Curiosity is a practice 🌀
By Katya Stepanov
“Curiosity is a practice, not an instance,”
I thought to myself as I listened to my fellow panelists from CLASP and the Peace Corps at the Women in Government Relations DEI Summit last month. Over 75 leaders came together to explore Building Bridges through Ethical Storytelling, and I had the honor of contributing to the conversation.
There is no single definition of “ethical storytelling” or easy 5-step process to follow.
Whether or not a story is told ethically depends on how the process of receiving, translating and sharing the story is facilitated by the storyteller. More importantly, it is determined by how the person who's story is being told feels before, during and after.
Curiosity is a genuine desire to learn. It is expressed through the act and art of asking questions. When we are children, curiosity is as easy to access as breath.
“Why do we live here?”,
“Why is that person wearing that?”
“Why are they making that face?”
We ask questions openly and constantly so we can start to construct our own stories about ourselves and others. These stories live on in our psyche until they are revisited and tested.
As we grow older, we start to feel the invisible pressure of knowing.

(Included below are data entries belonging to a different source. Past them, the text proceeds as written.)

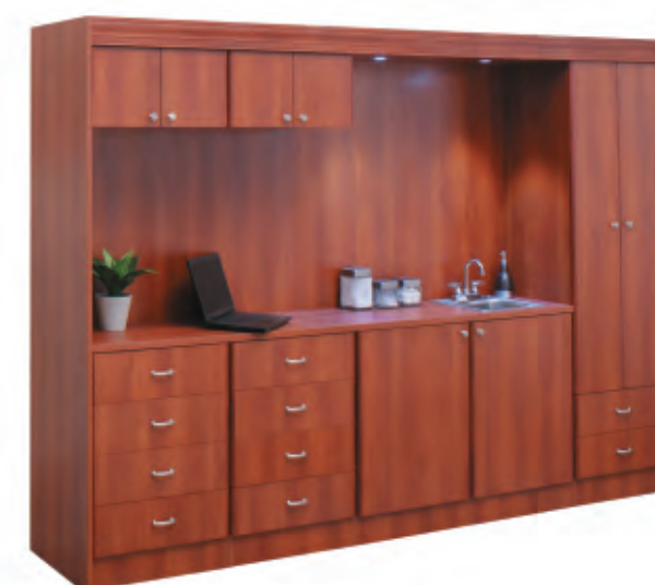
Avante Collection Nursing Station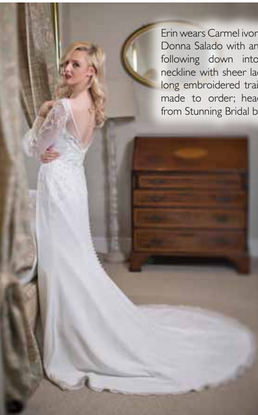
Erin wears Carmel ivory chiffon dress by Donna Salado with an illusion neckline following down into a sweetheart neckline with sheer lace sleeves, and a long embroidered train. Dress, £1,250, made to order; headpiece, £145.50, from Stunning Bridal by Donna Salado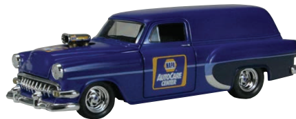
1954 Chevy Sedan Street Rod opening doors, trunk & hood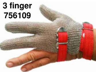
3 finger 756109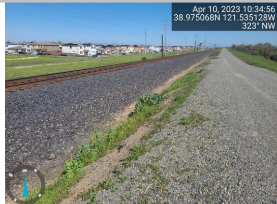
View of annual vegetation on the landside slope, Spring 2023.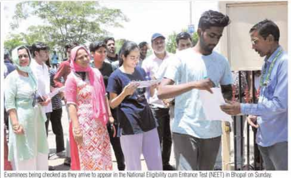
Examinees being checked as they arrive to appear in the National Eligibility cum Entrance Test (NEET) in Bhopal on Sunday.

Five students fatally attacked a student at Rajiv Gandhi Technological University (RGPV) located in Gandhi Nagar, Bhopal. The accused seriously injured victim by hitting him on the head with a rod. The reason for the dispute is said to be old rivalry.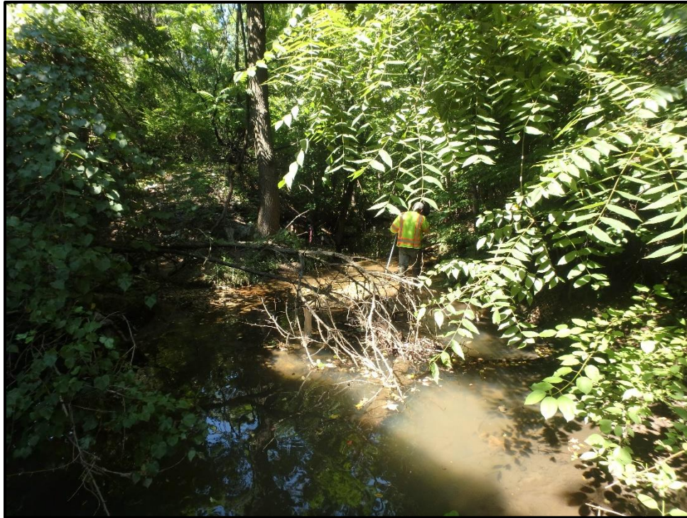
Waters 7O – Perennial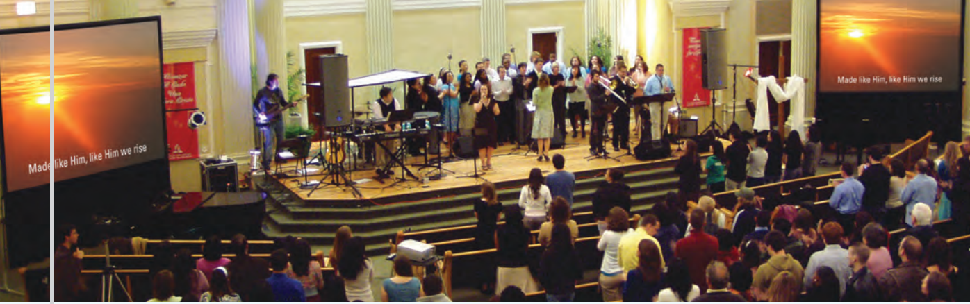
At left: video and audio provided on a rental basis for New Community Covenant Church, Chicago.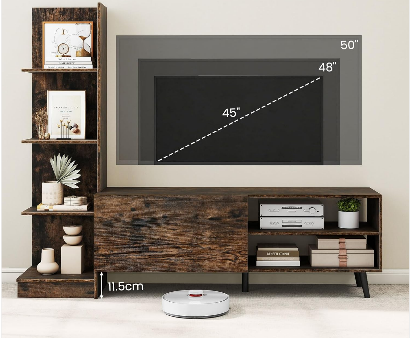
Figure 3: TV Size Accommodation. This image demonstrates how the TV stand can comfortably hold televisions up to 50 inches, with examples for 45 and 48-inch TVs.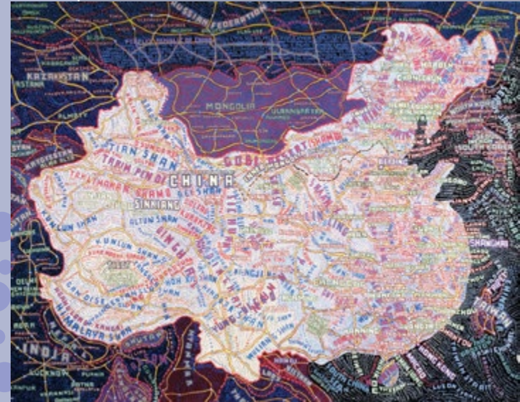
China, Acrilic Paint. 2008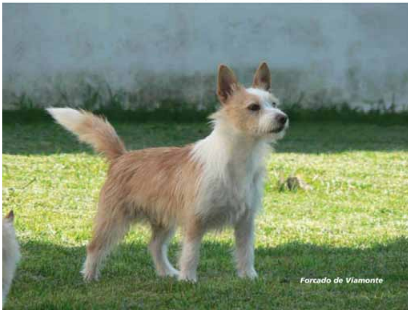
Forcado de Viamonte

A tip I use to give to new breeders is to compare your Wire-hair Pequeno with the finest Smooth-Hair Pequenos. If your dog looks very different or the type doesn't match at all that is probably because you don't have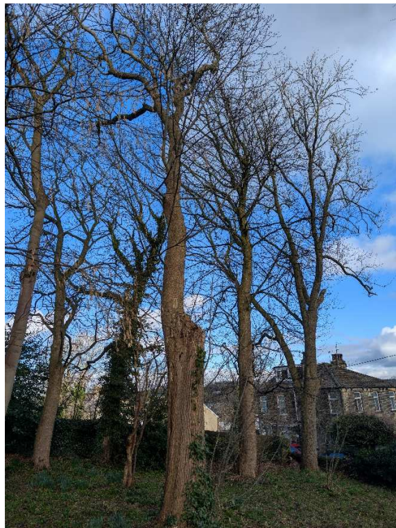
T5: Recommended for removal.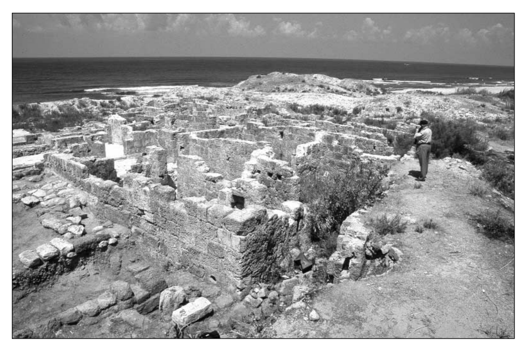
Fig. 1. General view of the site in 1997 with the remains of late antique architecture in the foreground

ancient town of still unknown extent. The present archaeological site [cf. Fig. 1 on p. 424] is just 100 by 150 m and contains the Christian basilica and residential district excavated in 1975 [ Fig. 1 ]. In 1998, illegal agricultural activities in the area immediately to the north of the ruins led to the planting of this area, discovering a mosaic depiction of a river deity in the process.<sup>6</sup> The ancient necropolis lying on terraces another 200 m to the north became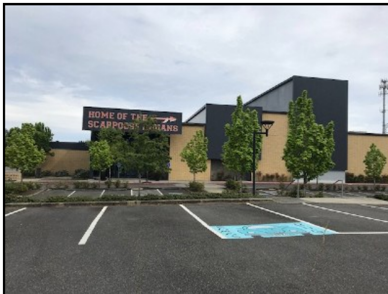
Scappoose High School, Scappoose, Oregon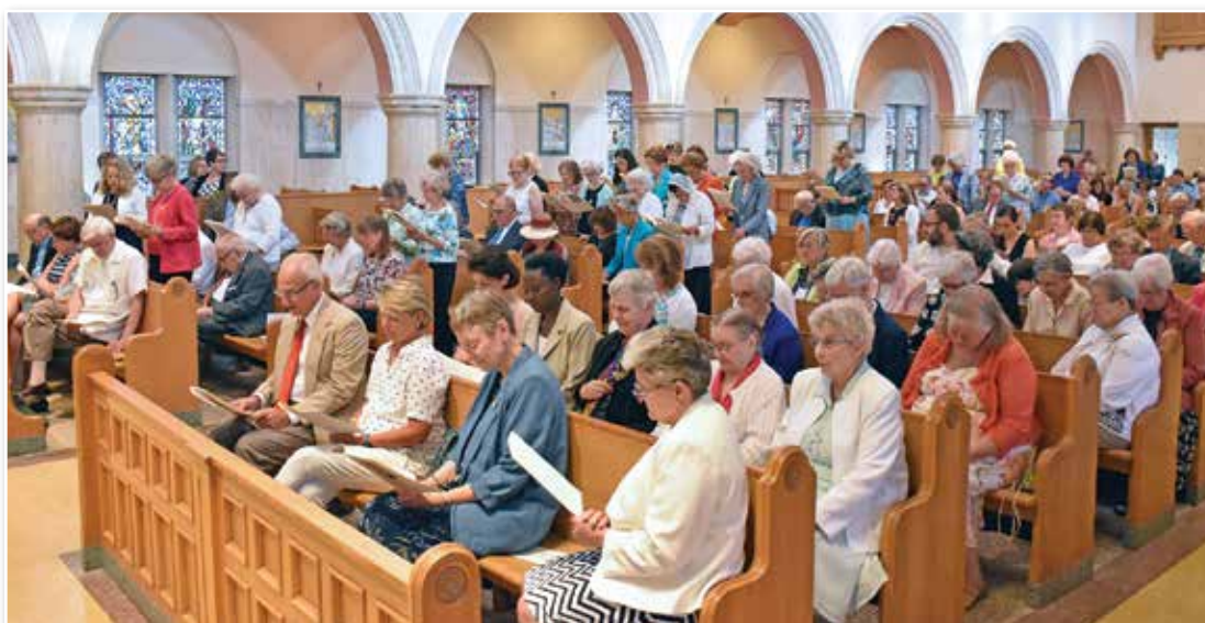
St. Louis/St. Charles Children of Mary (standing) renew their act of consecration at the Feast of the Sacred Heart, Villa Duchesne and Oak Hill School chapel, St. Louis, MO.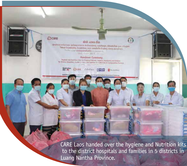
CARE Laos handed over the hygiene and Nutrition kits to the district hospitals and families in 5 districts in Luang Namtha Province.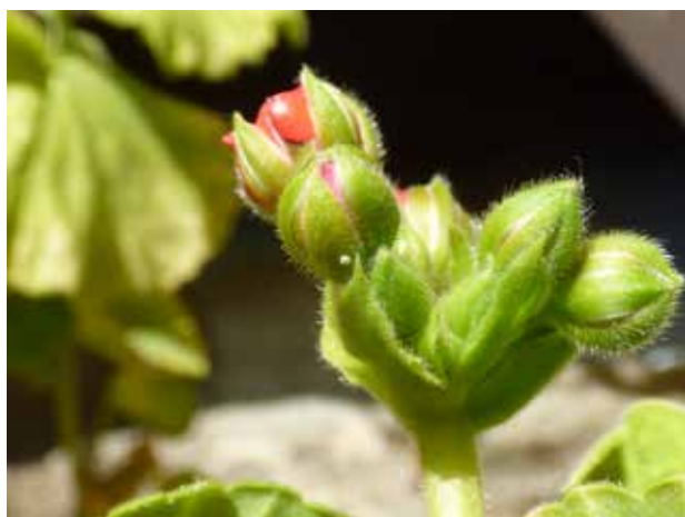
Fig. 4. An egg of the Geranium Bronze, C. marshalli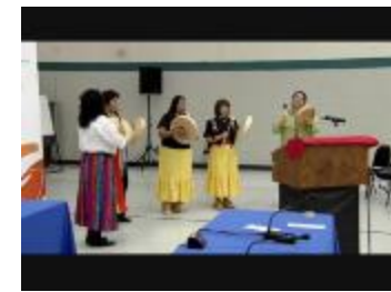
Ontario Hearings (MDOCE102)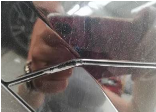
Figure 4. Moderate loss of adhesion.

We should know why someone does something a certain way, or how someone feels. We should know about this culture, or that. We may have been shamed for asking questions, and so, one day, our curiosity dwindles and is replaced by anxiety.
As adults, the stories we tell and the stories we hear often lack curiosity. Media outlets extract stories to support controversial and polarizing headlines, conflicts arise at work due to lack of understanding, and we are incentivized to make assumptions based on unexamined stereotypes.
So how do we reclaim this innate wisdom we so effortlessly embodied as children?
We come together, and we practice.
Again and again, we notice when we're making up a story about someone. Instead of leaving it that way, we turn it into a question. We ask, and we connect.